Rovenso SA, which is building robots for security monitoring, safety assessment, and anomaly detection, this week announced that it has raised $2.34 million in seed funding. The Swiss startup said it plans to use the funding to accelerate the development of its technology, refine its prototypes, and begin more pilot projects with industrial partners.
Rovenso spun out of the Ecole Polytechnique Fédérale de Lausanne (EPFL) in 2016 and shares offices and a workshop with accelerator HAX.co in Shenzhen, China. Its ROVéo mobile robot is designed to autonomously patrol, use multimodal sensor fusion to detect anomalies, and adapt to stairs and difficult terrain both inside and outside industrial sites.

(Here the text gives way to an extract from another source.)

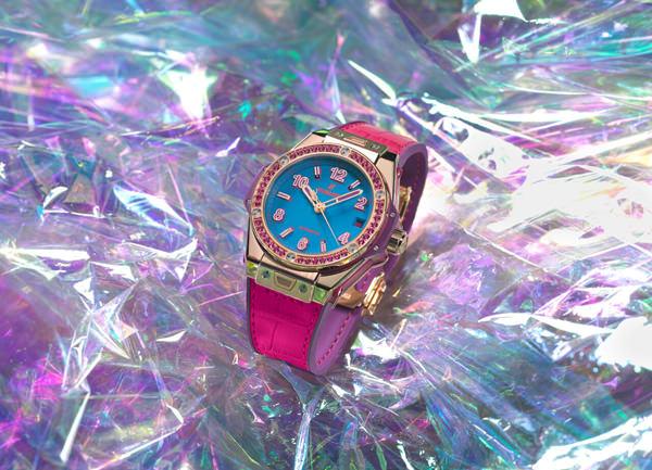 为纪念宇舶表Big Bang腕表38毫米诞生8周年,宇舶表以全新设计的Big Bang“一键式”腕表39毫米再次闪亮面世。表壳直径原为38毫米的宇舶表Big Bang腕表拥有镶钻表圈,专为女性量身打造。而新款腕表将表壳直径增加至39毫米,并融入始于2013年的Big Bang Unico腕表的设计元素。螺钉、表冠、时标和数字均被赋予全新格调。整体线条更为紧凑,呈现更为果敢坚毅的女性魅力。腕表更搭载“一键式”表带,彰显百变风格。“一键式”(One-Click)快速替换表带系统是宇舶表将表带与表壳连接的一个专利机制,使佩戴者轻松实现快速更换表带。Big Bang“一键式”波普艺术腕表39毫米也搭载该专利技术,为其百变风情更添魅力。
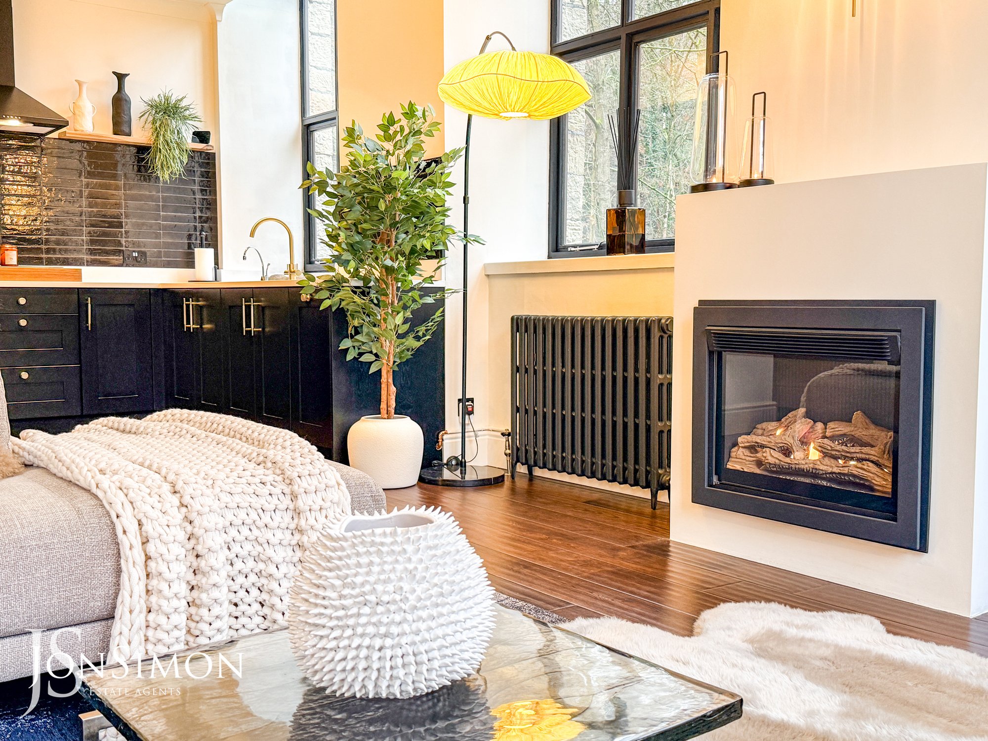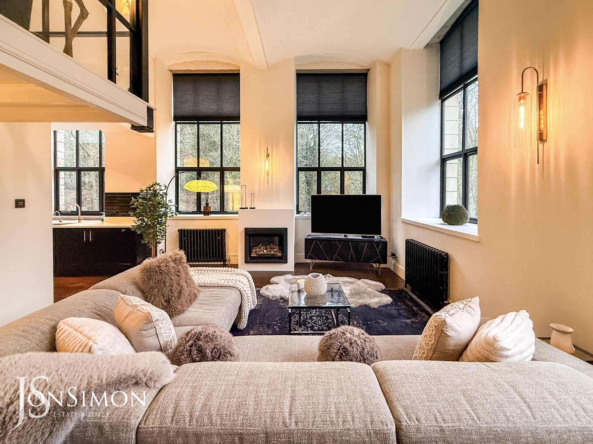 ** MUST SEE! ** SUPERB THREE BEDROOM APARTMENT WITH VIEWS OVER THE RIVER & WOODLANDS ** STUNNING INTERIOR ** GARAGE & SECURE ALLOCATED PARKING ** SOUGHT AFTER LOCATION ** Situated in the heart of Summerseat Village, this stunning three-bedroom first-floor apartment enjoys a desirable double aspect and forms part of The Spinnings, a Grade II listed Victorian mill conversion. Finished to an exceptional standard throughout, the apartment combines luxury living with an abundance of natural light and space. This truly impressive home offers outstanding character, featuring exposed stone walls and striking curved ceilings. Conveniently located within walking distance of local schools, amenities, and a selection of pubs and restaurants, the property seamlessly blends modern living with original architectural features. The accommodation briefly comprises a communal entrance hallway, private entrance hall, a spacious and bright lounge with feature gas fire, an open-plan contemporary kitchen, mezzanine sitting room, children’s den/playroom, utility room, and a unique principal bedroom with a stylish three-piece en-suite shower room and mezzanine dressing room. There are two further double bedrooms, a stunning three-piece white shower room, office/walk-in wardrobe, and a large storage area. Externally, the property benefits from private allocated parking within the indoor parking area, a single brick-built garage, visitor parking, and access to well-maintained communal gardens. Viewing is highly recommended and strictly by appointment only via our Ramsbottom office.

The company was named a “European startup to watch” by The Robot Report.
Nivalis Group led the round, with participation from SOSV (Sean O’Sullivan Ventures), the $700 million operator of accelerators around the world, including HAX in Shenzhen and San Francisco for hardware.
“We saw the potential of Rovenso, when Lucian Cucu, Beat Geissmann, and Thomas Estier had nothing but their energy and a small 3D-printed robot that was simply climbing stairs,” stated Cyril Ebersweiler, general partner at SOSV.

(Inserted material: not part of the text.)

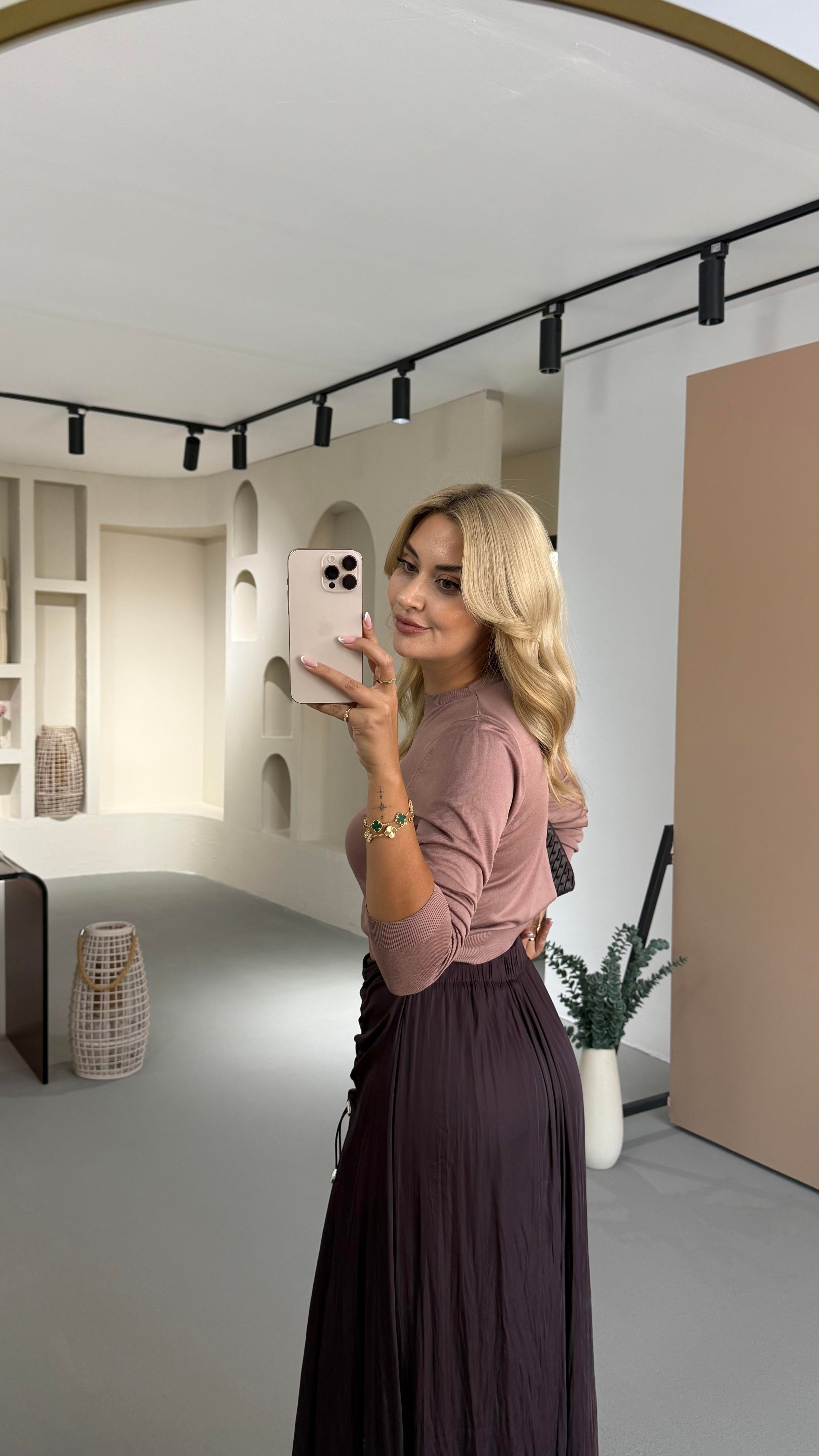 Büzgü Detay Bel Lastikli Kırışık Efekt Mürdüm Saten Etek

“Rovenso has a first-rate team capable of carrying out their high ambitions,” said Nicolas Corsi, CEO of Nivalis Group. “We decided to be an early-stage investor because we see Rovenso’s current offer as a platform to invent new services and business models in the emerging market of fully autonomous security and safety robots.”
Rovenso plans to expand
Rovenso said the new funds will enable it to double the size of its research and development team at Technology Park Le Vivier, where Nivalis Group has its headquarters. The technology park offers an ideal setting for running intensive tests with the robots patrolling around the clock in a real environment, said the company.

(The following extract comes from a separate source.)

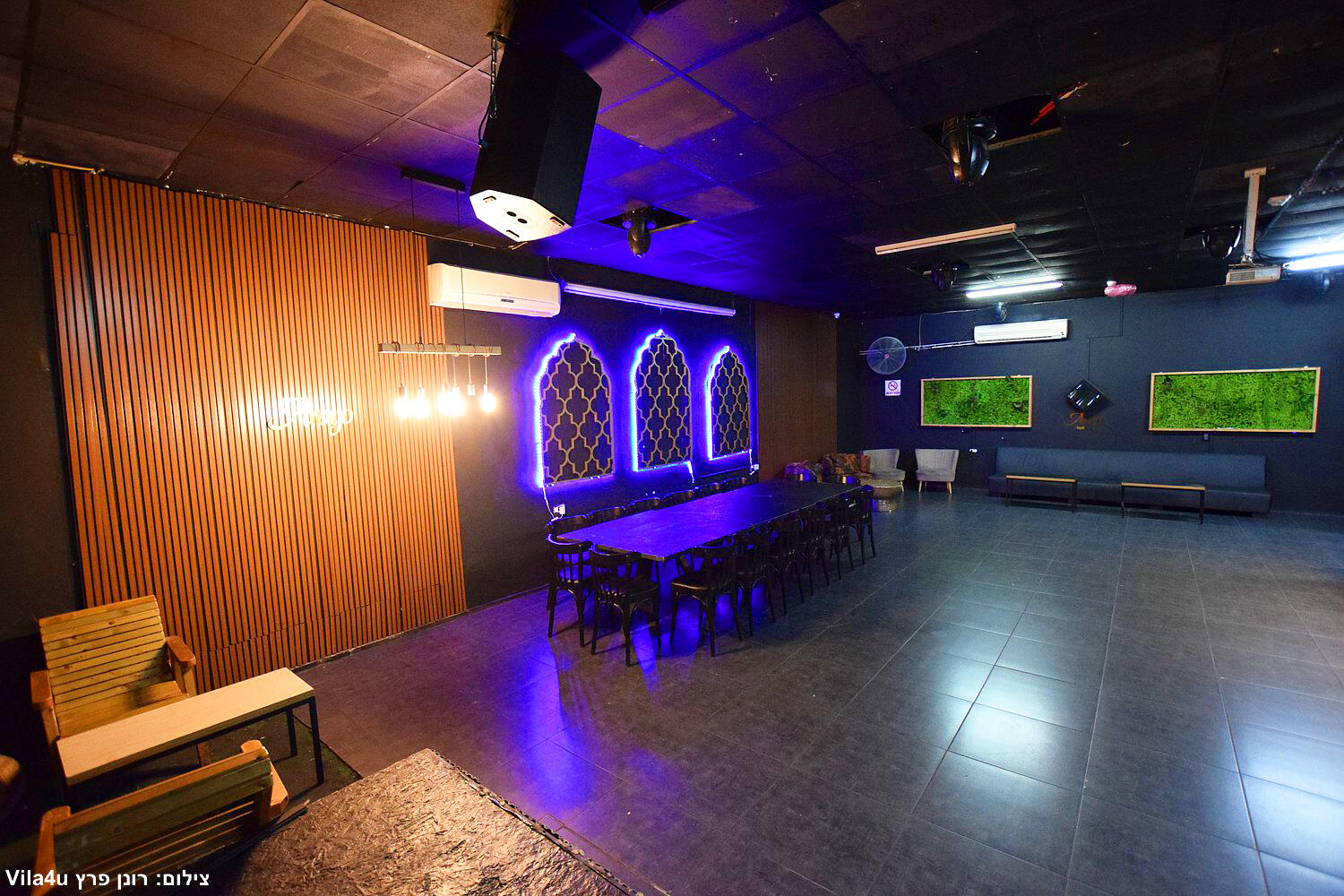 לשדרוג החוויה, המתחם מצויד במקרן איכותי, מערכת קריוקי ועמדת די ג'יי מקצועית. החלל המרשים שלנו ערוך לאירוח של עד 160 אורחים בנוחות מרבית, מה שהופך אותו למושלם עבור אירועים גדולים ומשמעותיים. כל פרט במתחם תוכנן בקפידה כדי להעניק לכם ולאורחים שלכם חוויה בלתי נשכחת.

“Our robots perform security and safety monitoring of industrial sites. Concretely, they patrol fully autonomously inside and outside industrial buildings, detecting intrusions or thefts,” explained Thomas Estier, CEO of Rovenso. “They also detect anomalies such as hot spots [indicating the start of fires] and liquid or gas leaks that could put people’s lives at risk.”
“Over the next two years, we will mainly focus our R&D efforts on the enhancement of our multimodal anomaly detection system which combines precise volumetry, acoustic analysis, as well as thermal and visual features extraction,” added Lucian Cucu, chief technology officer at Rovenso.
The company said the between it and Nivalis Group in terms of robotics, artificial intelligence, and machine vision will shorten it’s time to market.